### YOUR ASSIGNMENT
Where the listing below reaches the line containing "[천지일보=이지수 기자] 국내를", start writing out lines exactly, and stop once the line containing "Drumohrs Virgin Wool" has been written.

--- MATERIAL SHOWN Enclosed Below ---

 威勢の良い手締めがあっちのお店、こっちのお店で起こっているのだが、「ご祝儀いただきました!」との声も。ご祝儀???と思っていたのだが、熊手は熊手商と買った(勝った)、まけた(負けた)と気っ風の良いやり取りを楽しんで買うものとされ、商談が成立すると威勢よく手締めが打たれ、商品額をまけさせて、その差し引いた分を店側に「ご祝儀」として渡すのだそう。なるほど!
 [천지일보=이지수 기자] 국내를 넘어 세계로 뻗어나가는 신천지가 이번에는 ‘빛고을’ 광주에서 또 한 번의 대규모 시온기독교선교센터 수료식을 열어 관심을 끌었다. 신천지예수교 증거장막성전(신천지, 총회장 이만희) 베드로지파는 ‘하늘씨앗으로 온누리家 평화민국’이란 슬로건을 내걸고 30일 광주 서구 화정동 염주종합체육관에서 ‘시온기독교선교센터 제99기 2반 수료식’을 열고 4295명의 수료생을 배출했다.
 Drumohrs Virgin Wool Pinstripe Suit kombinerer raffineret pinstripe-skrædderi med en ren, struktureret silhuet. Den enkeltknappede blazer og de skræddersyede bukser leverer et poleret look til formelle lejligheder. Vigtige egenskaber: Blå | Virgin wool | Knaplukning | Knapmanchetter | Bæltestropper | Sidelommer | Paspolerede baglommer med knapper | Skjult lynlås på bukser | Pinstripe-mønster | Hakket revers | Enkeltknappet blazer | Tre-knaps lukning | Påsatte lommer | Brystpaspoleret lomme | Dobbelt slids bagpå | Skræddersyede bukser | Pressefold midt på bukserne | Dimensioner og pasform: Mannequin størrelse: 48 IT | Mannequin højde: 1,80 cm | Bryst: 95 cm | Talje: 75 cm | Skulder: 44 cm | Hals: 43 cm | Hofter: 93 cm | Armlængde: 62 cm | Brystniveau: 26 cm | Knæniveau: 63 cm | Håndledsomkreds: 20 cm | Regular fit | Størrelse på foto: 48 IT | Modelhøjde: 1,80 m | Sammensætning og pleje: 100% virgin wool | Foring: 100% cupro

--- End of Enclosed MATERIAL SHOWN ---
--- MATERIAL SHOWN Enclosed Below ---

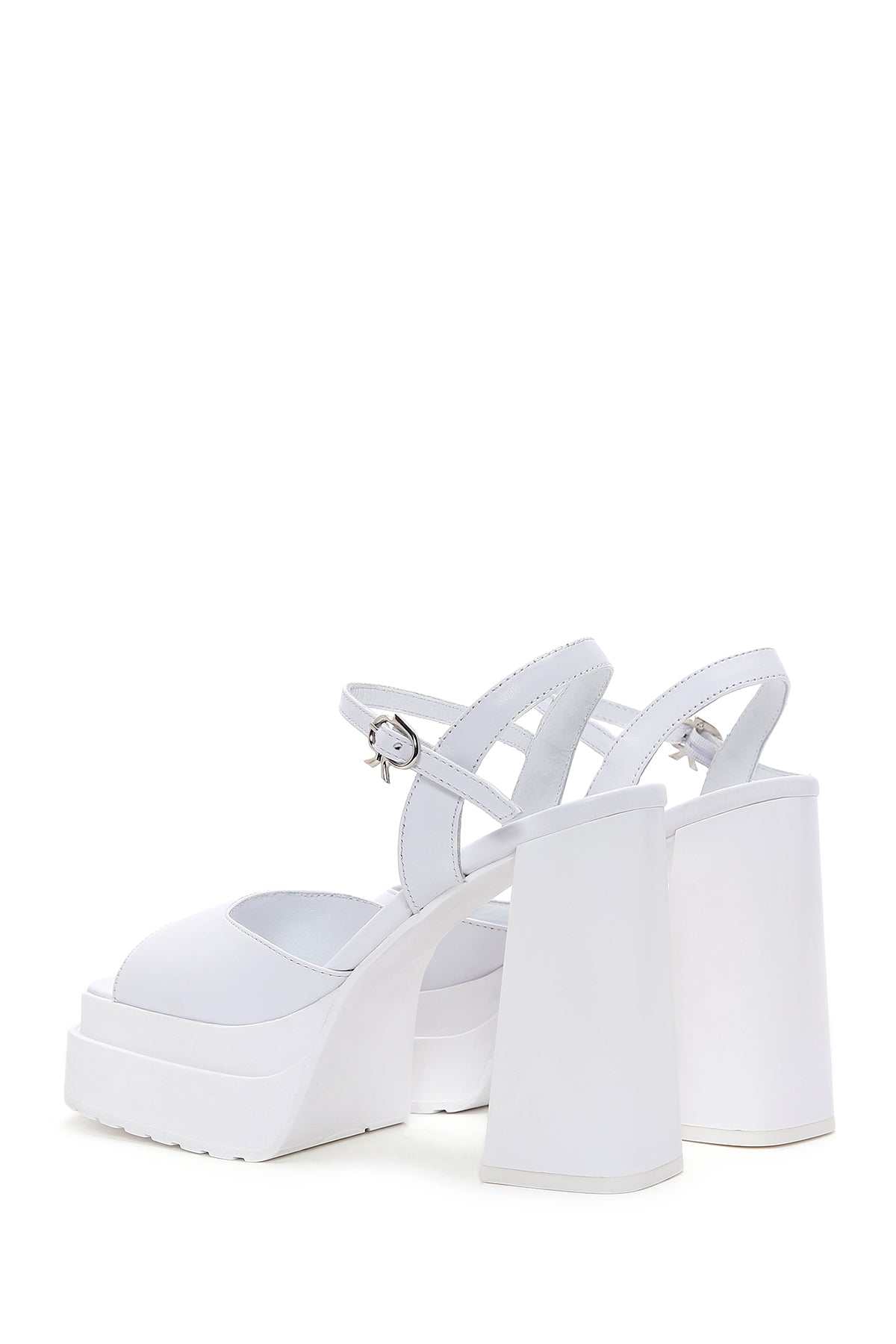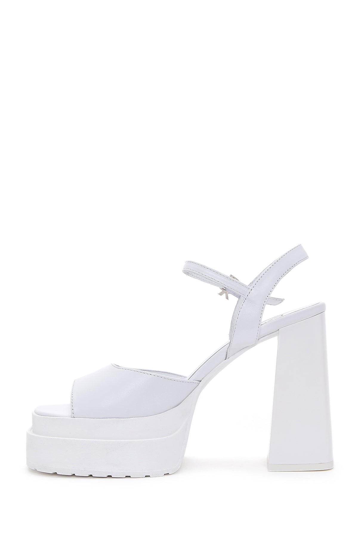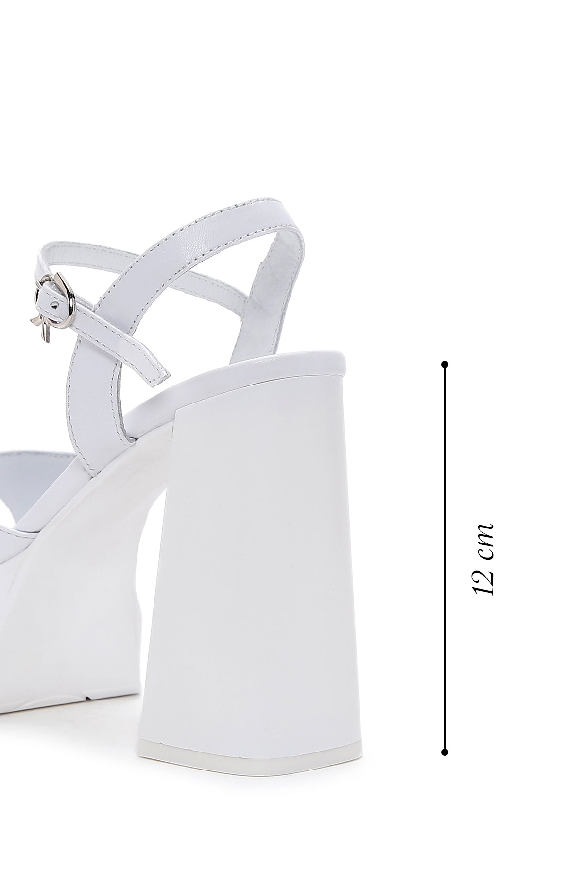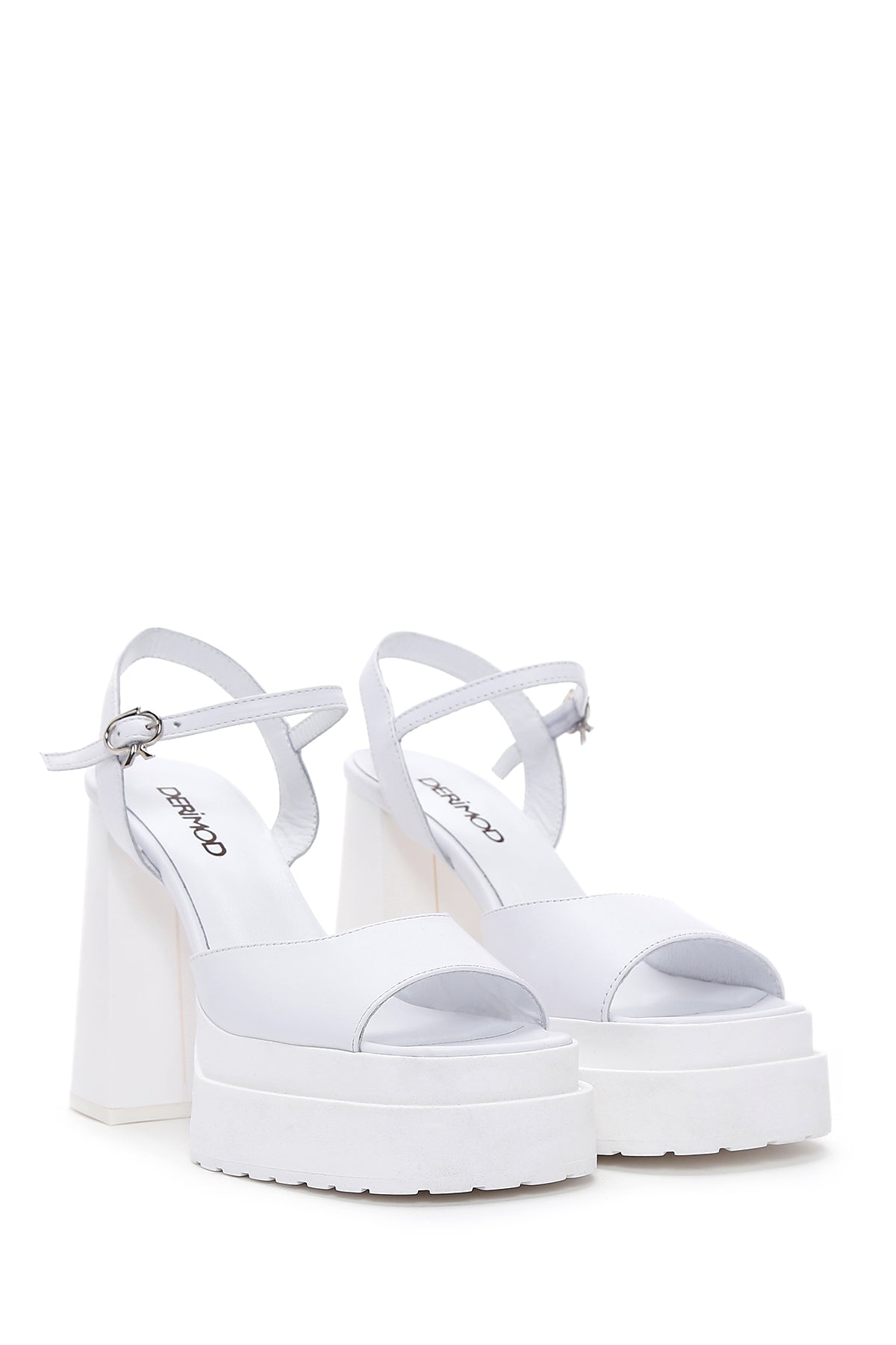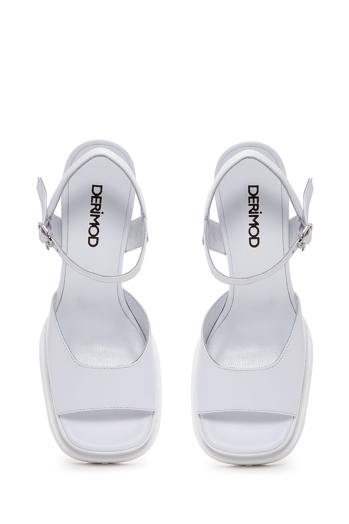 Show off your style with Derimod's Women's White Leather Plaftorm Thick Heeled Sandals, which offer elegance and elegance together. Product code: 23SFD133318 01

--- End of Enclosed MATERIAL SHOWN ---

### ANSWER TO THE EXERCISE
 [천지일보=이지수 기자] 국내를 넘어 세계로 뻗어나가는 신천지가 이번에는 ‘빛고을’ 광주에서 또 한 번의 대규모 시온기독교선교센터 수료식을 열어 관심을 끌었다. 신천지예수교 증거장막성전(신천지, 총회장 이만희) 베드로지파는 ‘하늘씨앗으로 온누리家 평화민국’이란 슬로건을 내걸고 30일 광주 서구 화정동 염주종합체육관에서 ‘시온기독교선교센터 제99기 2반 수료식’을 열고 4295명의 수료생을 배출했다.
 Drumohrs Virgin Wool Pinstripe Suit kombinerer raffineret pinstripe-skrædderi med en ren, struktureret silhuet. Den enkeltknappede blazer og de skræddersyede bukser leverer et poleret look til formelle lejligheder. Vigtige egenskaber: Blå | Virgin wool | Knaplukning | Knapmanchetter | Bæltestropper | Sidelommer | Paspolerede baglommer med knapper | Skjult lynlås på bukser | Pinstripe-mønster | Hakket revers | Enkeltknappet blazer | Tre-knaps lukning | Påsatte lommer | Brystpaspoleret lomme | Dobbelt slids bagpå | Skræddersyede bukser | Pressefold midt på bukserne | Dimensioner og pasform: Mannequin størrelse: 48 IT | Mannequin højde: 1,80 cm | Bryst: 95 cm | Talje: 75 cm | Skulder: 44 cm | Hals: 43 cm | Hofter: 93 cm | Armlængde: 62 cm | Brystniveau: 26 cm | Knæniveau: 63 cm | Håndledsomkreds: 20 cm | Regular fit | Størrelse på foto: 48 IT | Modelhøjde: 1,80 m | Sammensætning og pleje: 100% virgin wool | Foring: 100% cupro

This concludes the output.